Linear Regression Summary in Gneiss

Hi Qiime2 folks,

I am super new with Qiime2 microbiome bioinformatics platform and have been introduced to qiime2 a few months back by one of my friends. I do love qiime2 a lot and thank you for developing the platform. Do forgive me if some of the questions are too easy for experts in qiime2. :wink:
I have a few quick questions related to gneiss:

a) For the current study, we have a total of 20 different soil parameters (chemical and physical analyses) and with the total number of observations: 50. Would like to know is that possible for me to perform correlation-clustering and ols-regression to find out the soil parameters (or covariates) with the highest R2 diff (as well as low corrected p-values: <0.05) prior to adopting gradient-clustering for those covariates (for instance, pH) that are contributing to the variation in soil microbiomes?

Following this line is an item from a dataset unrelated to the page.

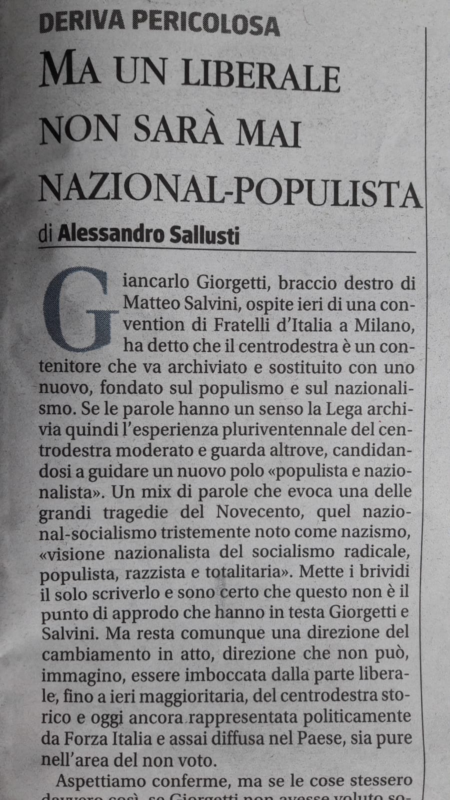 Ora i berlusconiani si allineano a questa resistenza pseudo-antinazista come ala “liberale”. E’ appena il caso di ricordare che il primo a stilare l’equazione è stato l’oggi giudice costituzionale (dopo essere stato lo spoliatore dell’economia nazionale) Giuliano Amato: “OGNI sovranismo ha SEMPRE una matrice razzista”, sancì già da luglio.

b) In one of the trial runs using gneiss, all the soil parameters (both chemical and physical analyses) were used to compute linear regression summary (through ols-regression after correlation-clustering), Rsquared of more than 0.600 was achieved. Unfortunately, all the pred_mse values (from fold 0 to 9) were higher than model_mse. :frowning: I then tried to run again with only soil chemical parameters (16 covariates and 50 observations). pred-mse values (ranging from 7.5 to 22) ranging from are now lower than model-mse (ranging from 22 to 26). I am still thinking whether to further reduce the number of soil chemical parameters (or covariates) and re-run with ols-regression. Would like to know is there any minimum ratio (pred-mse to model_mse) required or we should achieved prior to balance-taxonomy analyses? Any maximum number of covariates allowable for ols-regression?

Thank you in advance.

Looking forward to learning more.


1 Like

Hi @yitkheng, glad you are having some successes.

A couple of comments

  1. It’ll help to paste an image of the diagnostic plots.
  2. My recommended differential abundance workflow has changed significantly since the development of gneiss. See our paper here. Also see songbird and qurro

Hi @mortonjt, glad to hear from you. :slightly_smiling_face: My apologies for the delayed in responding.

Together with this post, a copy of the regression summary (generated with correlation-clustering's tree) has been attached for your reference.

Based on the summary, pH appeared to have the highest R2diff, would it be possible for me to re-run with gradient-clustering on the pH prior to downstream analyses (with balance-taxonomy)?

Thank you for the latest differential abundance workflow and your most recent works. I will also go through the paper, songbird, and qurro at soonest as well.

Thank you.

1 Like

My apologies. :pray::pray:

The regression summary posted earlier was generated with gradient-clustering using pH.

Regression summary below was generated using correlation-clustering.

Hi @yitkheng - the R^2 suggests that this maybe a good fit.

I can’t comment on the ratio, that is typically used as a guide for cross-valiation (you don’t want pred-mse to be much higher than model_mse).

I also want to point out that there has been a number of findings regarding differential abundance that has happened since gneiss has been initially developed. I recommend reading this paper and checking out either songbird and aldex2 since they may provide a much easier way to provide interpretable features.


Hi @mortonjt,

Thank you for the suggested paper and also two other plugins. I will go through then at soonest.

This topic was automatically closed 31 days after the last reply. New replies are no longer allowed.